Hadoop was one of the first popular open source big data technologies. It is a scalable fault-tolerant system
for processing large datasets across a cluster of commodity servers. It provides a simple programming
framework for large-scale data processing using the resources available across a cluster of computers.
Hadoop is inspired by a system invented at Google to create inverted index for its search product. Jeffrey
Dean and Sanjay Ghemawat published papers in 2004 describing the system that they created for Google.
The first one, titled “MapReduce: Simplified Data Processing on Large Clusters” is available at research.

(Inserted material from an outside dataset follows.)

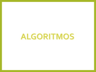 Este documento describe diferentes tipos de algoritmos, incluyendo algoritmos de ordenamiento que organizan elementos en una lista de acuerdo a un orden específico, algoritmos de búsqueda que localizan elementos con propiedades particulares dentro de una estructura de datos, y algoritmos probabilísticos que basan sus resultados en decisiones aleatorias.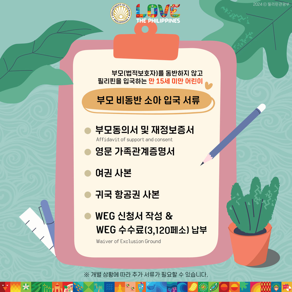 부모 비동반 소아 입국규정에 따라 만 15세 미만 어린이가 부모(친권자)나 법적보호자가 아닌 사람을 보호자로 하여 필리핀 입국을 할 경우 부모의 동의서와 가족증명서 등과 같은 서류가 필요합니다.

google.com/archive/mapreduce.html. The second one, titled “The Google File System” is available at
research.google.com/archive/gfs.html. Inspired by these papers, Doug Cutting and Mike Cafarella
developed an open source implementation, which later became Hadoop.
Many organizations have replaced expensive proprietary commercial products with Hadoop for
processing large datasets. One reason is cost. Hadoop is open source and runs on a cluster of commodity
hardware. You can scale it easily by adding cheap servers. High availability and fault tolerance are provided
by Hadoop, so you don’t need to buy expensive hardware. Second, it is better suited for certain types of data
processing tasks, such as batch processing and ETL (extract transform load) of large-scale data.
Hadoop is built on a few important ideas. First, it is cheaper to use a cluster of commodity servers for
both storing and processing large amounts of data than using high-end powerful servers. In other words,
Hadoop uses scale-out architecture instead of scale-up architecture.